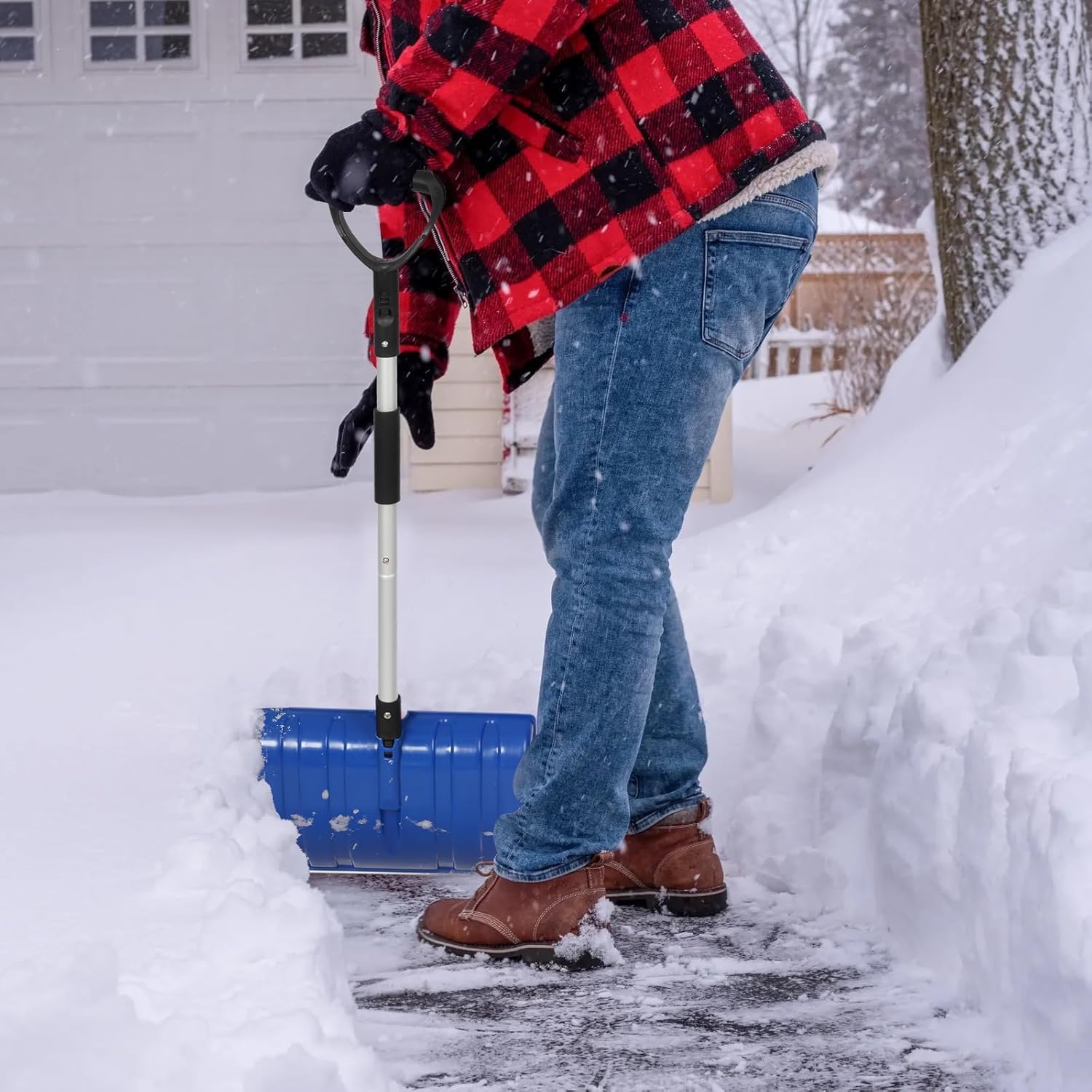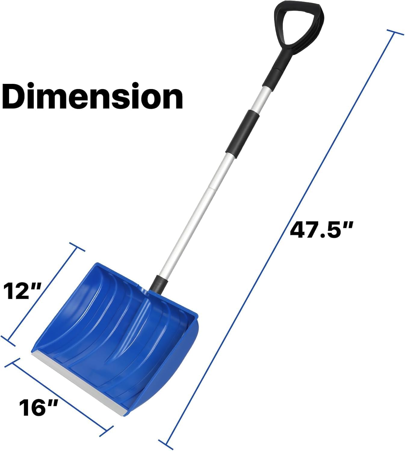 Snow Shovel, Snow Shovels for Driveway, Plastic Snow Shovels for Snow Removal with Aluminum Handle & D-Grip, 16″ Wide Shovel for Snow Heavy Duty, 47.5 inch
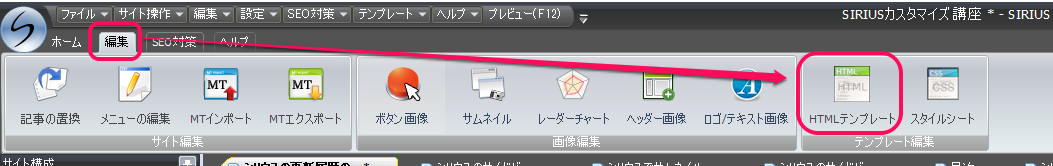 HTMLテンプレート編集画面で【トップページ】のタブを選択します。
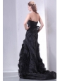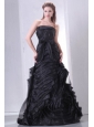 Black A-line Strapless Prom Dress with Layers and Sash
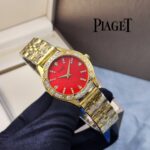 This elegant replicaPiaget women’s watch, measuring 31mm, features numerals adorned with synthetic stones, adding a touch of luxury. The bezel is decorated with sparkling stones for an added brilliance. The watch operates with a precise Quartz 301 movement, ensuring high accuracy.
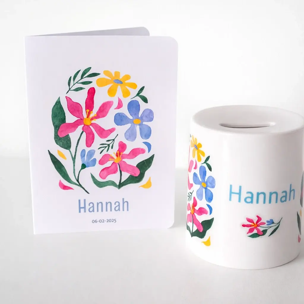 Een spaarpot met naam is een persoonlijk en gepersonaliseerd cadeau dat meteen opvalt. Het ontwerp wordt voor elk kind met zorg samengesteld, waardoor de spaarpot een unieke uitstraling krijgt. Door de naam toe te voegen ontstaat een blijvende herinnering die mooi staat in elke baby- of kinderkamer. Deze spaarpot past bij elk moment en vormt een waardevol cadeau dat jarenlang meegaat. Het is een bijzondere manier om sparen leuk te maken en kinderen te motiveren om hun eerste muntjes te verzamelen.
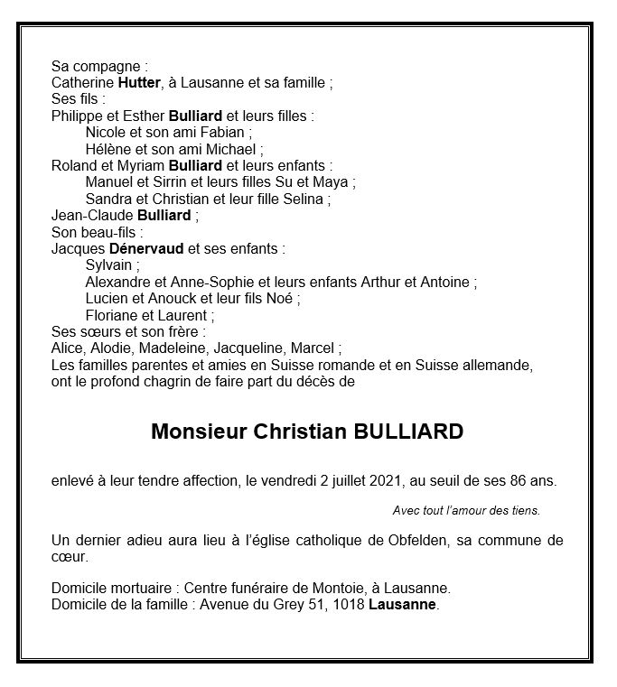 Christian BULLIARD 14 juil. 1935 - 02 juil. 2021 Avis mortuaire PFG Télecharger PDF Partager sur: Galerie PreviousNext PreviousNext
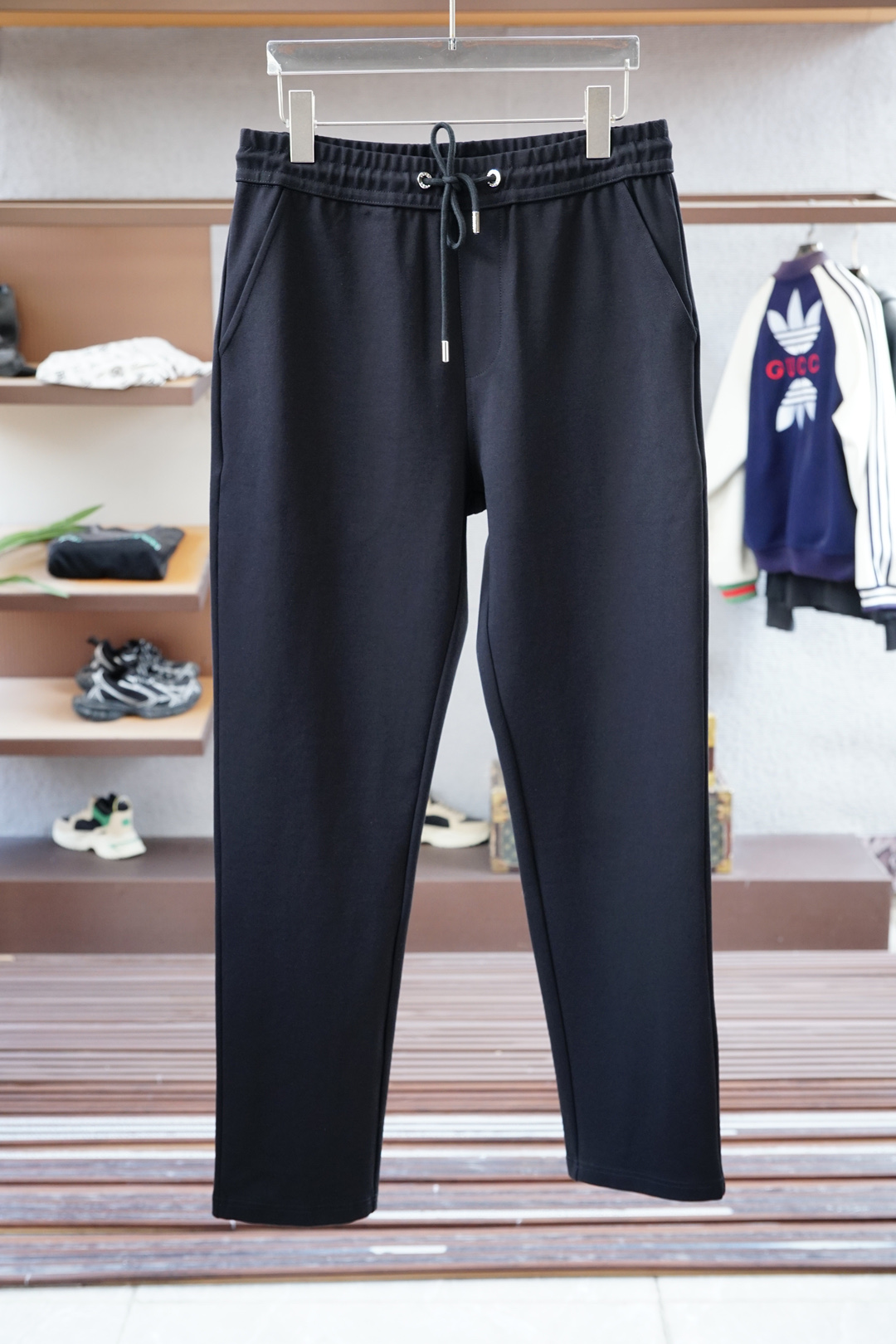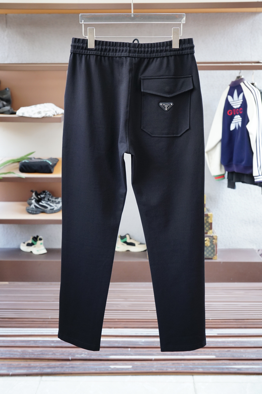 Prada Fall/Winter 2025 hoodie set. Simple, elegant, embroidered logo. Clean cut, urban style, custom fabric. Colors: black, blue. Sizes 48M-56XXXL.
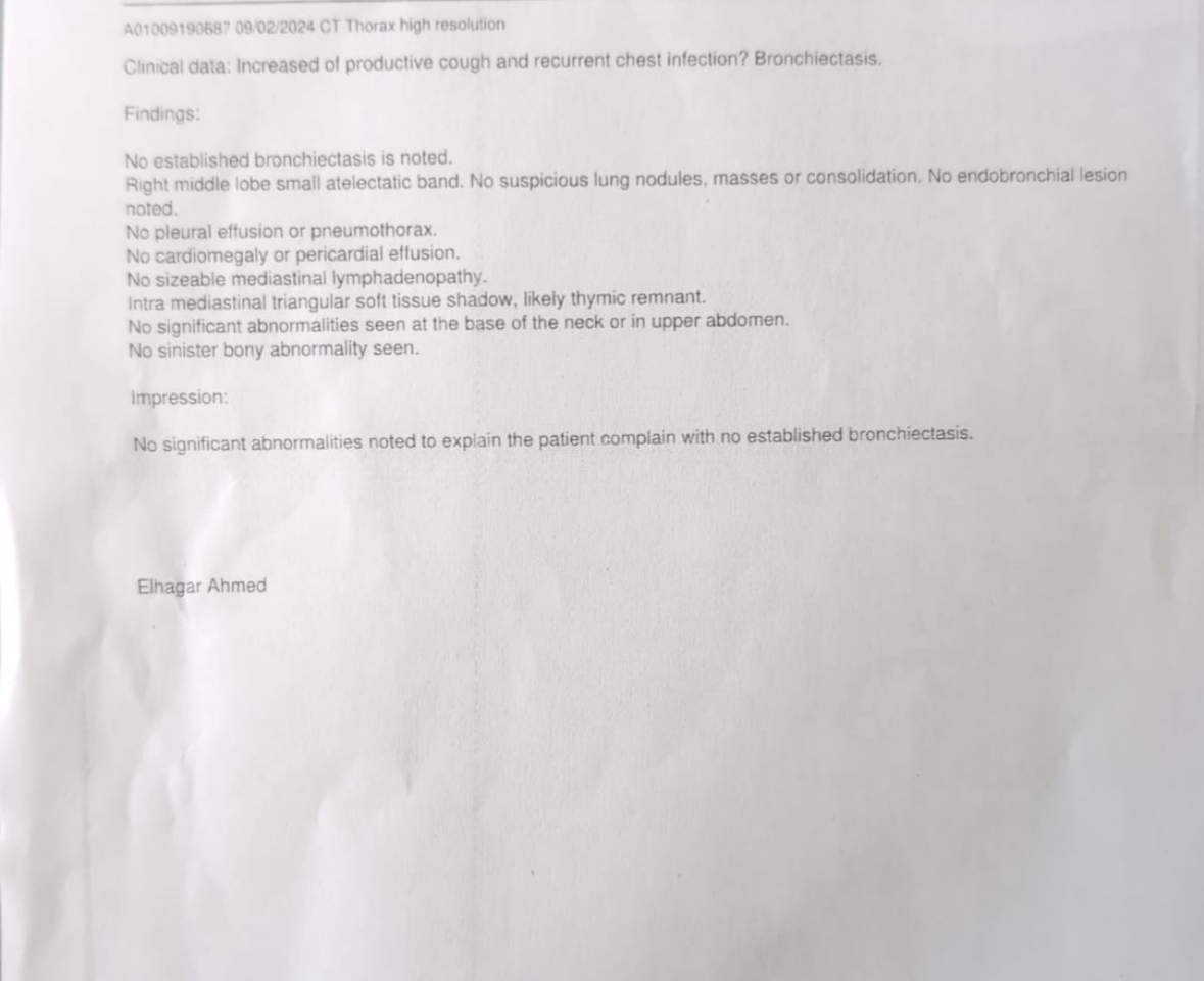 Hi everyone I’m 29 male was having investigations for chronic bronchitis and was told I had it by one pulmonologist now I’ve had my second CT and spiro and these were my results I then got discharged and since then I have had blood in my mucus and many other symptoms would I be crazy asking mp gp to look at cystic fibrosis but could people also help me with what the results mean

^^^^^^^^

Problem description: Omit the pictures, then give all the lines above again exactly.

Task response:
 Snow Shovel, Snow Shovels for Driveway, Plastic Snow Shovels for Snow Removal with Aluminum Handle & D-Grip, 16″ Wide Shovel for Snow Heavy Duty, 47.5 inch
 HTMLテンプレート編集画面で【トップページ】のタブを選択します。
 Black A-line Strapless Prom Dress with Layers and Sash
 This elegant replicaPiaget women’s watch, measuring 31mm, features numerals adorned with synthetic stones, adding a touch of luxury. The bezel is decorated with sparkling stones for an added brilliance. The watch operates with a precise Quartz 301 movement, ensuring high accuracy.
 Een spaarpot met naam is een persoonlijk en gepersonaliseerd cadeau dat meteen opvalt. Het ontwerp wordt voor elk kind met zorg samengesteld, waardoor de spaarpot een unieke uitstraling krijgt. Door de naam toe te voegen ontstaat een blijvende herinnering die mooi staat in elke baby- of kinderkamer. Deze spaarpot past bij elk moment en vormt een waardevol cadeau dat jarenlang meegaat. Het is een bijzondere manier om sparen leuk te maken en kinderen te motiveren om hun eerste muntjes te verzamelen.
 Christian BULLIARD 14 juil. 1935 - 02 juil. 2021 Avis mortuaire PFG Télecharger PDF Partager sur: Galerie PreviousNext PreviousNext
 Prada Fall/Winter 2025 hoodie set. Simple, elegant, embroidered logo. Clean cut, urban style, custom fabric. Colors: black, blue. Sizes 48M-56XXXL.
 Hi everyone I’m 29 male was having investigations for chronic bronchitis and was told I had it by one pulmonologist now I’ve had my second CT and spiro and these were my results I then got discharged and since then I have had blood in my mucus and many other symptoms would I be crazy asking mp gp to look at cystic fibrosis but could people also help me with what the results mean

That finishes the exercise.